Early versions of ice cream appeared several thousand years ago. Chinese, Persian and Roman emperors and their courtiers were all partial to mixtures of fruit, honey and iced water. By the seventeenth century, royal and noble palates in Europe had been introduced to more sophisticated versions: cream ice and water ice. The first was prepared with milk, cream, sugar and yolks. The second with fruit, sugar and water. The method of preparation was fairly complicated until the first ice cream makers were invented in the second half of the nineteenth century. Storage was also difficult without refrigerators. However, ice cream became wildly popular on both sides of the Atlantic and best-selling cookbooks featured a lot of recipes for both cream and water ices.
C. J. Trew - Ficus carica - Plantae Selectae... v. 8 (t. 73) - 1771 |
Today we enjoy several kinds of ice cream without milk, including sorbet and granita that noone would confuse with either gelato or parfait - but for nineteenth century authors, the line between ice cream and sorbet was very easy to cross. That's why Pellegrino Artusi defined them both as gelati and called ice cream, in particular, gelato di crema.

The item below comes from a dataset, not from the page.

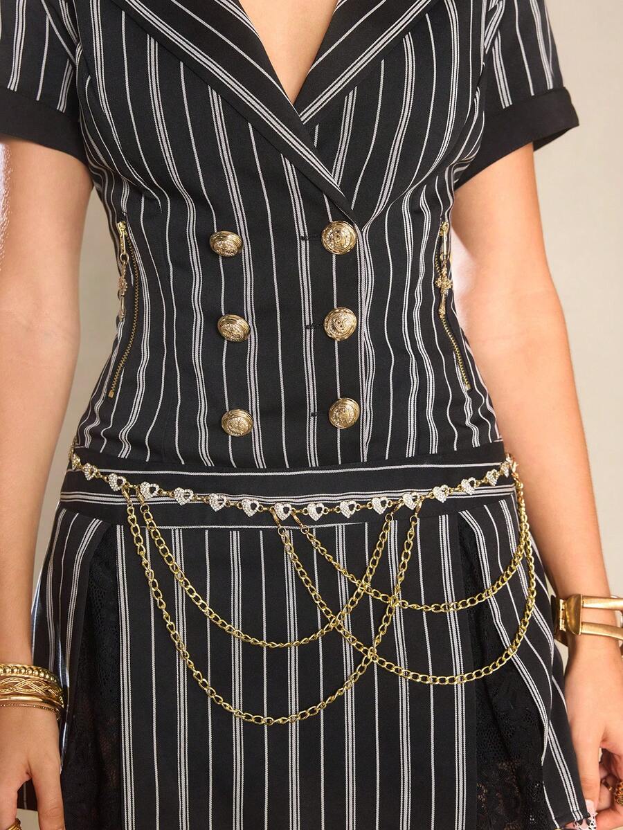 J-Fashion Robe mini à taille basse rayée noir et blanc, avec volant en dentelle, dans le style Himekaji Harajuku Y2K pour femmes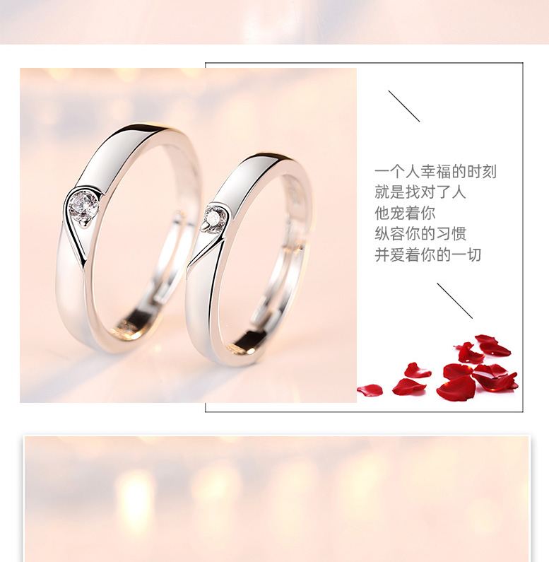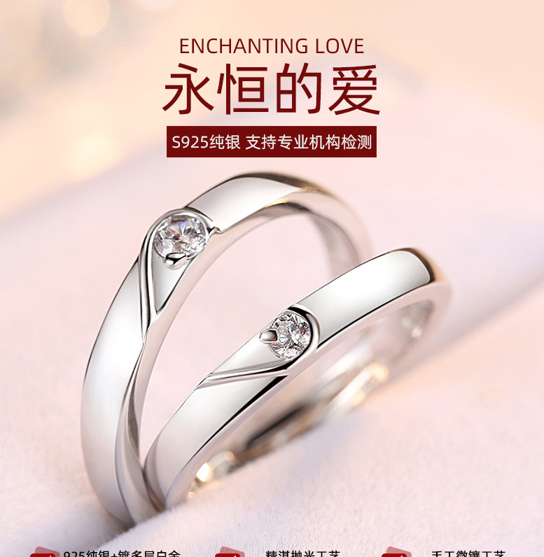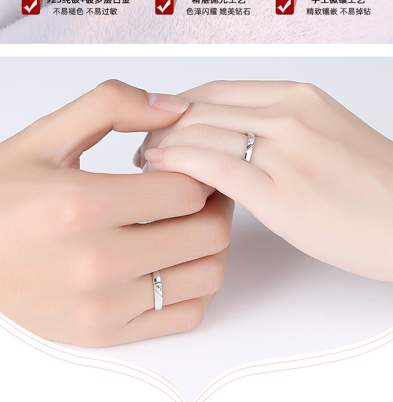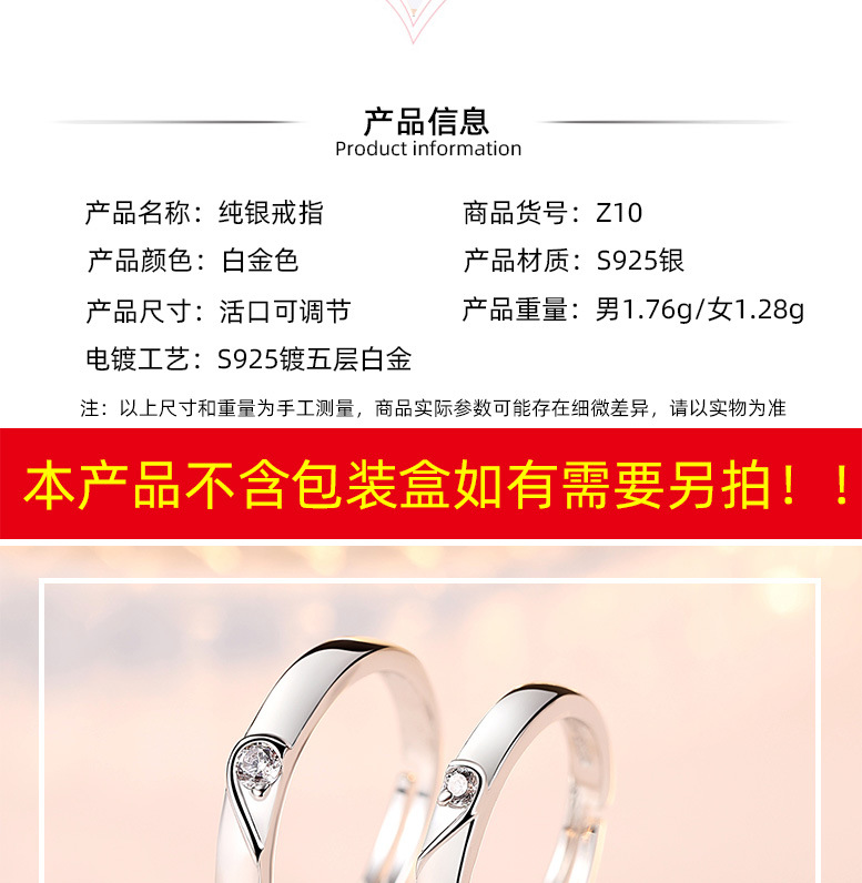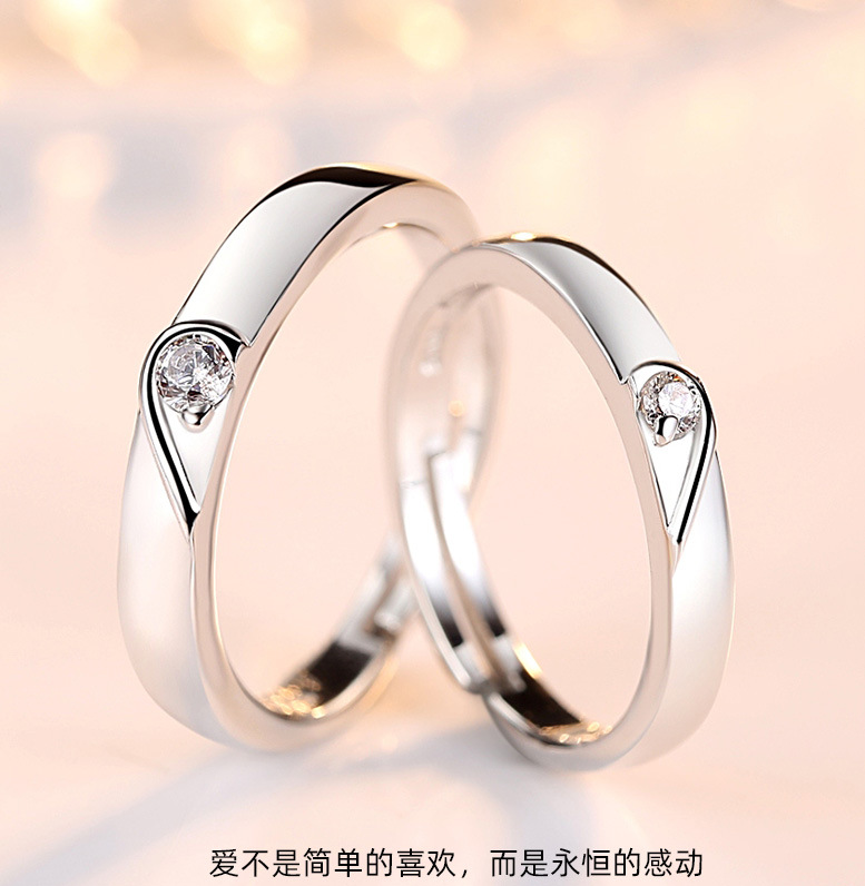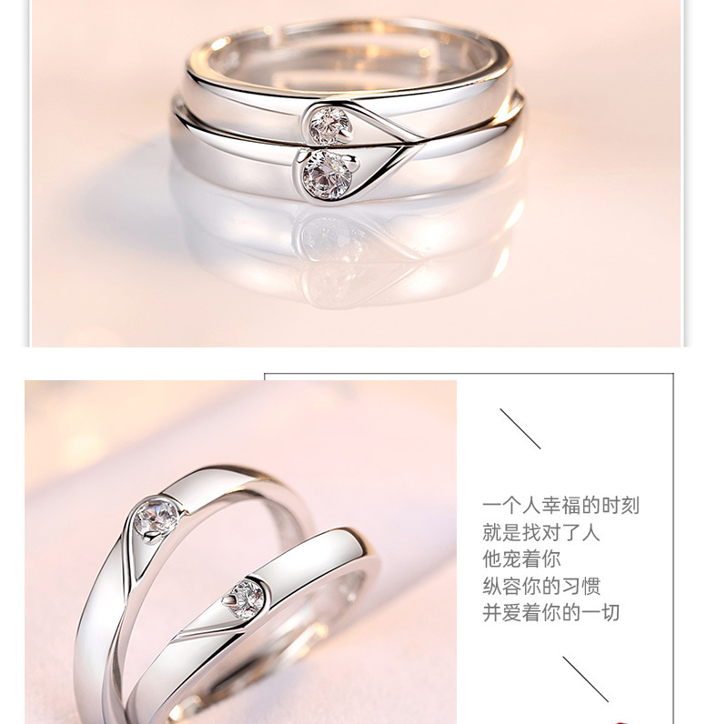 s925开口纯银戒指 女款尾戒情人节礼物心形情侣对戒厂家直销批发

One difference between sorbet and granita lies in their degree of creaminess. To avoid crystallization in either recipe, gourmet chefs still use egg whites but Agnes Bertha Marshall (1855-1905), the English 'queen of ices', replaced eggs with gelatine. Besides that, her sorbets were flavored with alcoholic drinks and painted with artificial colours. Other tricks for achieving creaminess during the nineteenth century included the use of large amounts of sugar, either directly or in the form of syrups. French cookbook authors, such as Pierre Lacam in 1878, advised to mix syrups with conserved fruit juices and equal amounts of water - at specific temperatures for every time of the year. His basic recipe for sorbet used: 1lt water, 1.5lt conserved fruit juice, and 1.25kg sugar. On the contrary, Pellegrino Artusi used only fresh ingredients, adjusting the flavor and texture of his granitas with a bit of lemon, and sometimes orange, juice. Although fashionable circles in England, France and the United States enjoyed a wide variety of gourmet cream and water ices, Science in the Kitchen and the Art of Eating Well followed a century-old tradition using discreetly flavored ingredients, like almonds, orange skin and jasmine petals.